I don’t remember a winter since I’ve been here for like 15, 20 years of how it’s been this cold, to be honest. We’ve just had some frigid weather and I do not like it. So with that, I’ve had a hard time going outside. As my listener that I love my hikes and I love being outside. I just really haven’t been able to do it. I noticed some signs coming up that are red flags or orange flags for me of, I just was getting more dark in my head and I was just feeling really down. I notice it’s because I wasn’t spending that time with God, that my connection time with God. I realized I need to really open up more than just being outside with God. So I’ve been really, I’ve actually been reading a lot more on spiritual direction and noticing how I just love how they talk about it. It’s actually talked about more by spiritual companionship is what I feel.

It’s not so much, I think the reason I love it is because when I’m in a counseling situation, when I’m the counselor and I have a client, it’s more, I’m the professional and I’m sitting there talking with a client and helping them, and I love it and it’s been sacred to me. But I think the thing that has been missing that I’m finding more spiritual direction is more sharing in that journey with the client. So it’s a lot of what God is doing within me and what God is doing within the client, the person I’m talking with and more sharing together, like a companionship, a journey.

That’s what I’ve been really contemplating and just sitting with, as I’ve been reading about spiritual direction over the last few weeks, honestly. It’s been really cool. So part of that is I’ve noticed the rhythm of, again, I just am drawn to the word rhythm and I love the word rhythm, and it’s more of a feeling, it’s more of an experience. As that’s where I’ve been going the last few years with God, is feeling a deeper connection with Him and a rhythm of my spirituality rather than a religious to-do list. I know I say that a lot.

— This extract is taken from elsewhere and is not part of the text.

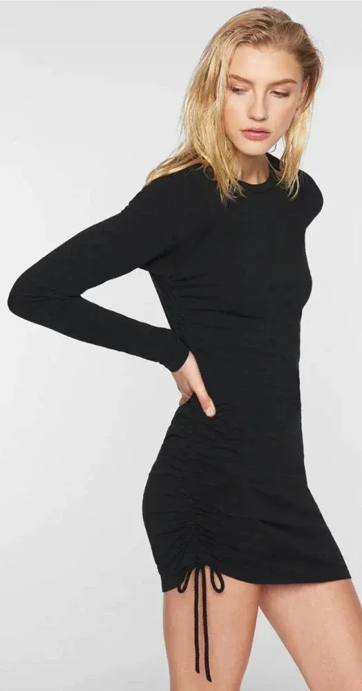 Brand new with tags Pam & Gela Side Ruched Dress in Black Long sleeve knit dress Side ruching detail 100% Cotton - Slub Jersey Armpit to armpit is approx 16" Waist is approx 14.5" Hip is approx 17" Length is approx 37"

Today I’m really looking forward to you hearing my interview with Dr. Eli Jones. I think it’s so cool that when I’m learning something in my life that sometimes my podcast interviews and my guest on here coincide a lot with what I’m learning. I feel like this podcast has been a huge spiritual growth for me. So I’m just so excited for you to hear my interview with Eli. Yes, and I did not know him. I had connected with him through email. He is an author of a few books, but the book he’s going to talk about is what we’re talking about today.
[DAWN]
So let me tell you a little bit about him. Dr. Eli Jones is a professor of marketing, Lowry and Peggy Mays Eminent Scholar, and former Dean of Mays Business School at his alma mater, Texas A&M University. Barely out of their teenage years, he and his wife, Fern, married and overcame what seemed to be an insurmountable challenges as they rose from poverty to positions of influence. Jones, a first generation college graduate went from being a radio DJ to a corporate executive, to the Dean of three flagship business schools. I am so excited to hear from him today. Well, I want to welcome Dr. Eli Jones to the podcast. Thanks for joining me today.
[DR. ELI JONES]
Oh, I’m so excited to be with you. I’ve been listening to your podcast and it’s amazing, the people you’re talking to, just amazing. I love this idea of soul-care. I can’t wait to spend some time with you on this.
[DAWN]
Yes, thank you so much. I know we were talking just a little bit ago about just some of your views and personal faith journey and how that has really been what you’ve been working on with your book, Run Toward Your Goliaths. I think it fits so perfectly with my podcast. So I’d love for my listeners just to know a little bit more about you. Tell us a little bit about who you are and we’ll start there.
[DR. JONES]
Okay. All right. Well, you referred to me as Dr. Eli Jones. Now I’m not a medical doctor and I don’t dispense medicine. I am a Ph.D. and my area of concentration is marketing and my specialty is sales and sales management. I spent some time in corporate in sales and sales management, and then my wife and I and our four kids decided to go to graduate school for the second time. I went through a Ph.D. program at Texas A&M University. I have a three time, got my undergrad, MBA and Ph.D. all from Texas A&M. Then I changed my career for the third time. So this is actually my third career. My first one was broadcasting by the way. I was in radio broadcasting, and then I got into sales and sales management, worked for three global companies and then I went back to school, got a Ph.D., and I became an academic.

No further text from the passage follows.